Et puis, pour finir, y a eu cette finale, le 2 mai 87, eux en ténors, nous en cadeau surprise. Là, le paradoxe du Toulonnais, qui attendait ce titre depuis cinquante ans, c’est que, d’un côté, il aurait aimé te filer une trempe pour te faire regretter d’avoir joué en noeud pap’ mais, de l’autre, il aurait été déçu de gagner facilement. Le Toulonnais aime souffrir, gagner dans la douleur, pour mieux adorer sa victoire, pour mieux s’en souvenir. Le Toulonnais a besoin de battre un adversaire aussi fort et orgueilleux que lui. Ça le valorise. Du coup, de mourir à 15-12 après avoir été menés 15-3, de les faire trembler jusqu’à la dernière minute, de les faire douter de leur puissance, le tout habillés en noeud pap’ rose, nous a permis de recevoir définitivement, jusqu’à la fin des temps, le BTS en patéchapper.
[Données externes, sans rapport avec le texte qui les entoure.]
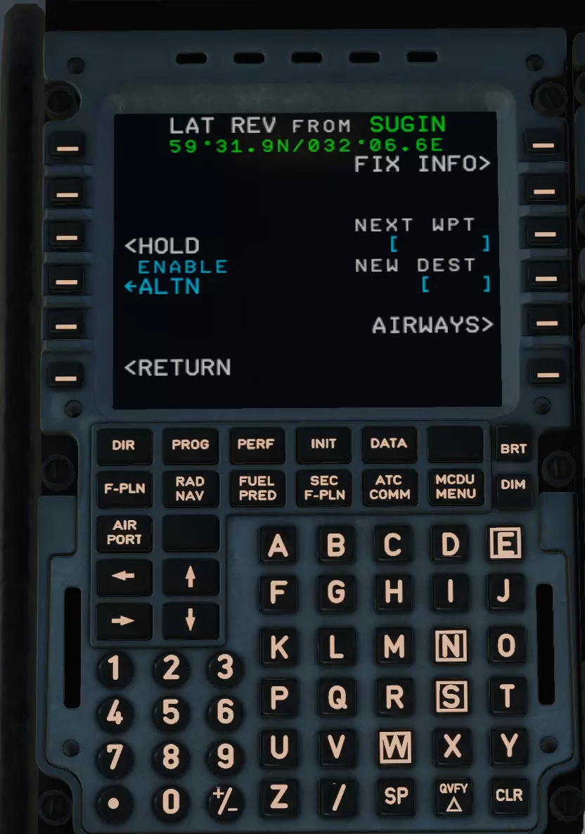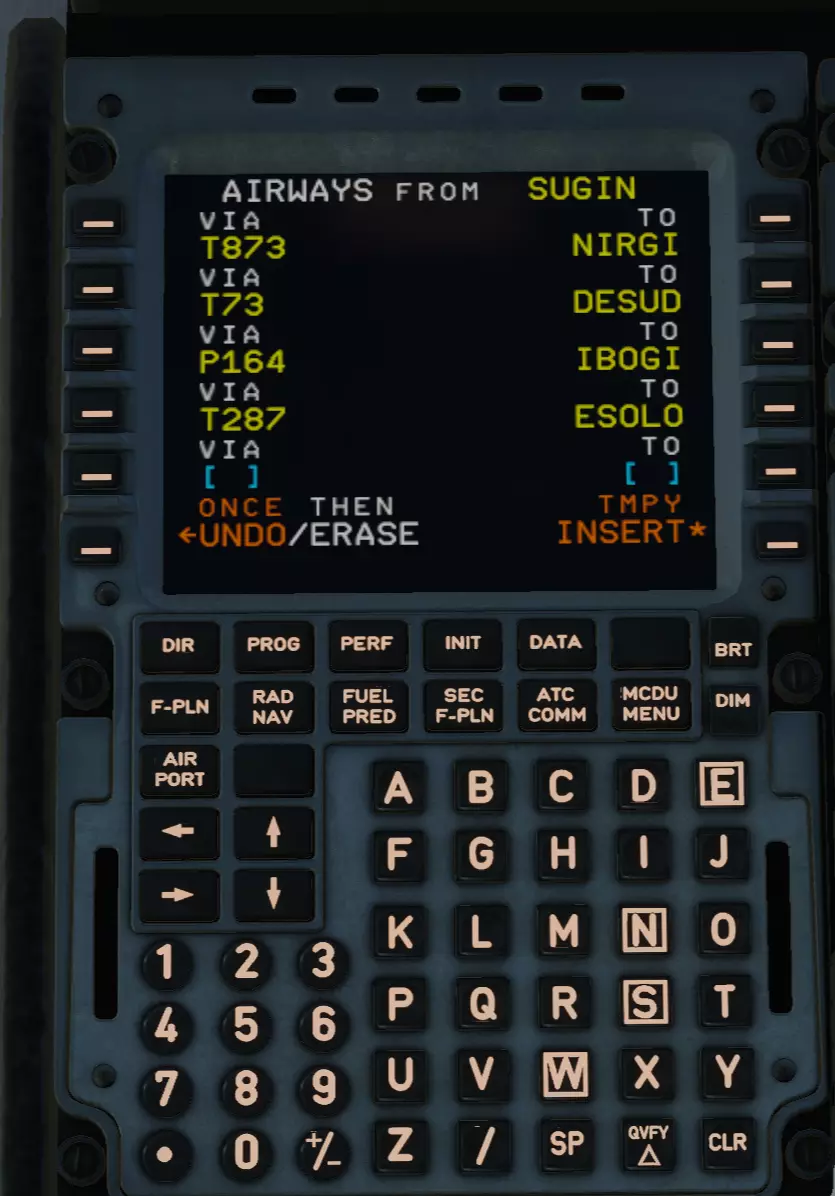 按下TMPY INSERT*键,再次进入F-PLN页面。向下滚动并选择我们飞行计划的终点,即SUGIN点。点击该点。
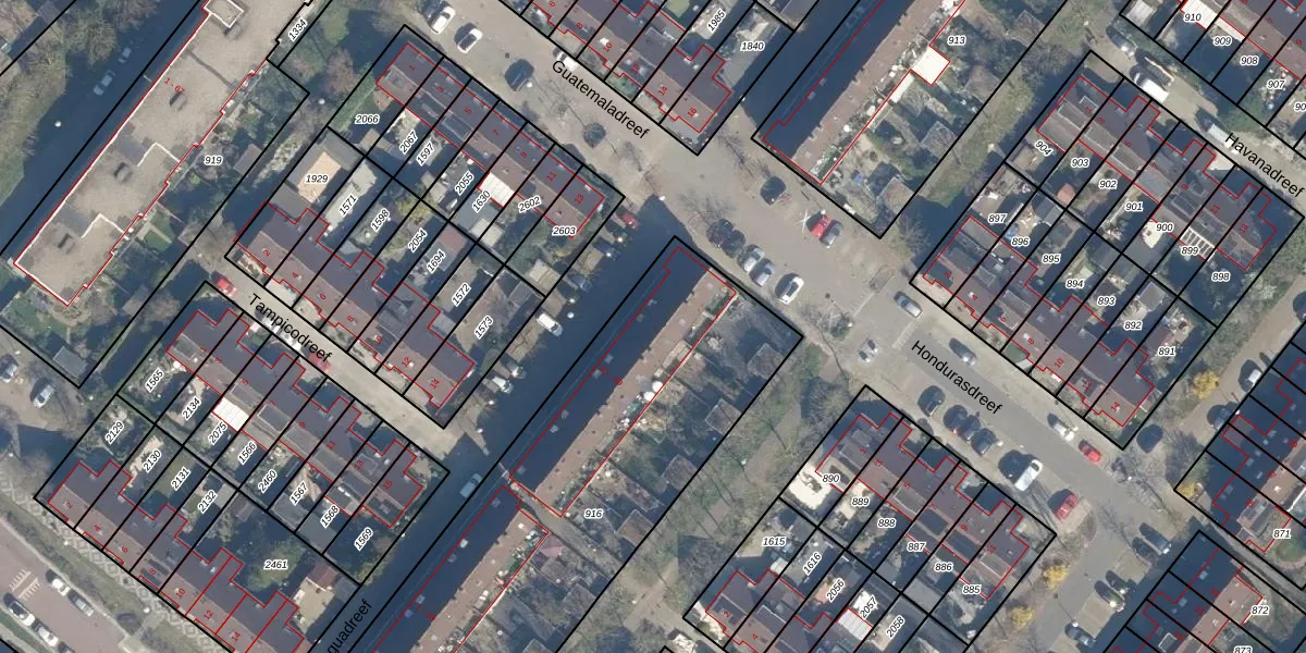 Het perceel waarop Nicaraguadreef 41 staat heeft een oppervlakte van 2276 m². Dit is een zeer groot perceel. De perceeloppervlakte wordt geregistreerd door het Kadaster. Gedetailleerde informatie over de maten van dit perceel kunt u vinden in het rapport Kadastrale kaart met maatvoering van Nicaraguadreef 41.
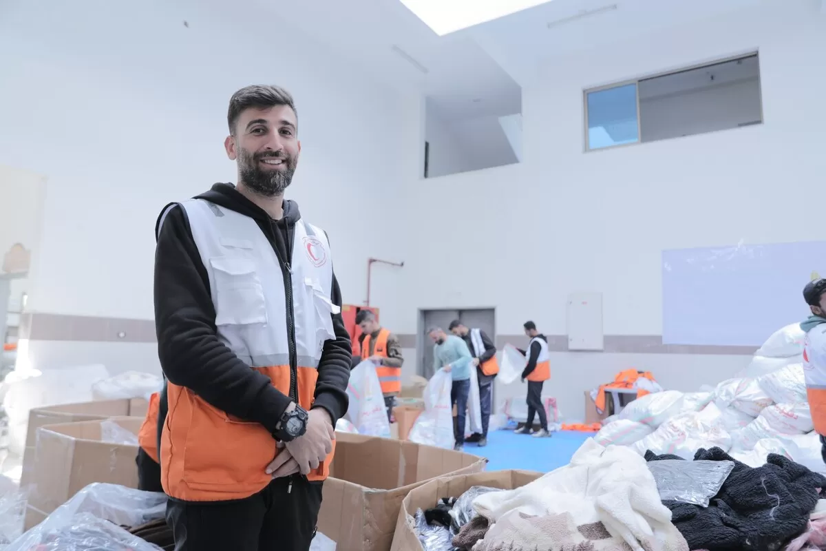 Salam, a volunteer with Wefaq organisation in Gaza and partner of DEC charity ActionAid, Feb 2025. Image: Wattan Media Network/ActionAid
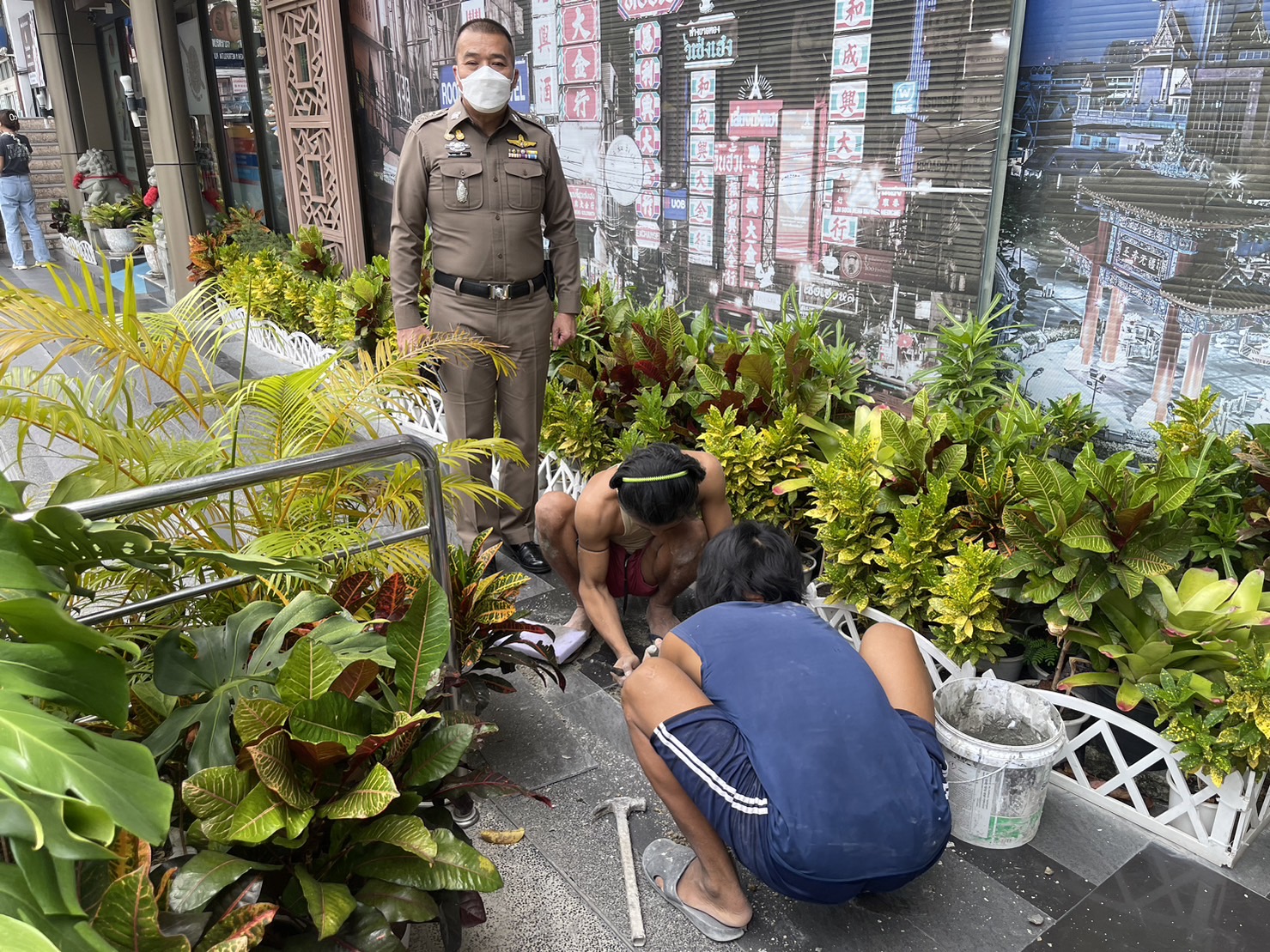 พ.ต.อ.พนม เชื้อทอง ผกก.สน.พลับพลาไชย 2 พร้อมด้วยเจ้าหน้าที่งานฝ่ายพัสดุ ได้ให้ช่างมาซ่อมแซมปรับปรุงกระเบื้องทางเดินเท้าบริเวณหน้า สน.ฯ เพื่อป้องกันการเกิดอุบัติเหตุ และปรับปรุงภูมิทัศน์บริเวณหน้า สน.
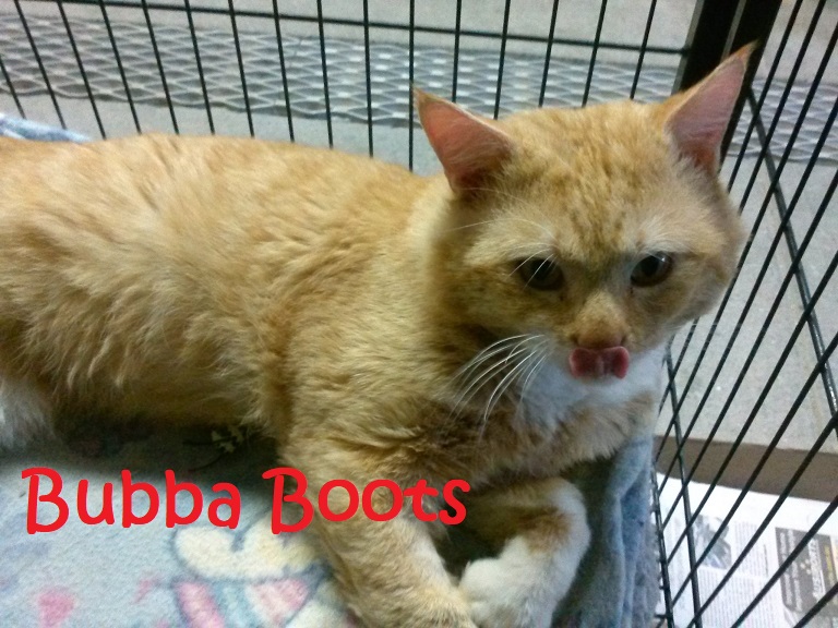 Bubba Boots is the most adorable sweet boy. He loves cuddles and head rubs. We think he may have part Munchkin in his breed as he has cute short legs!!
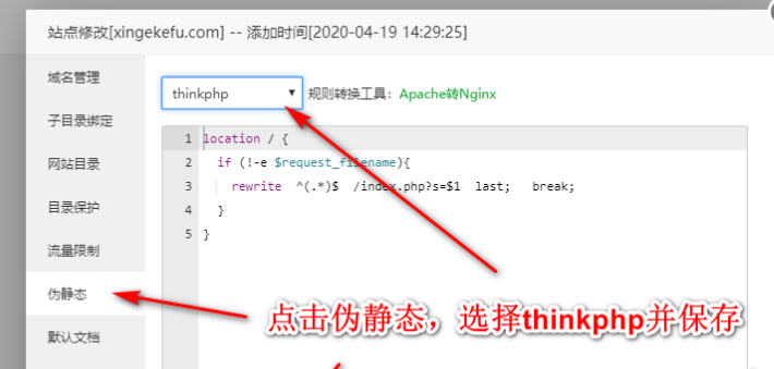然后偽靜態(tài)選擇 think PHP 如圖所示
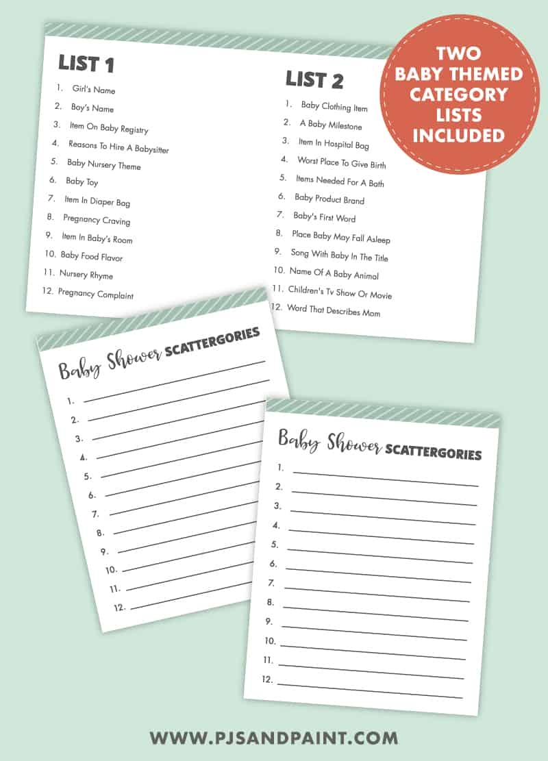 Scattergories is a game where players have to come up with words that fit a specific category and start with a certain letter. It’s a fast-paced and hilarious game that is perfect for baby showers. With our free printable Scattergories cards, all you have to do is download, print, and you’re ready to play!

Fait unique dans l’histoire des finales, le RCT nous avait invités, nous, le Racing, à venir fêter leur titre chez eux, à Mayol, avec un remake de la finale, quinze jours après. Un match de gala. Et là, ô surprise, alors que la ville entière applaudissait notre entrée sur le terrain, les trois-quarts toulonnais rentraient à leur tour un canotier sur la tête, comme un clin d’oeil à nos bérets. Depuis ce jour-là, pas un de nous n’est seul à Toulon et pas un d’eux n’est seul à Paris. Mon Dieu, faites que le ercété ne devienne jamais le ercétait!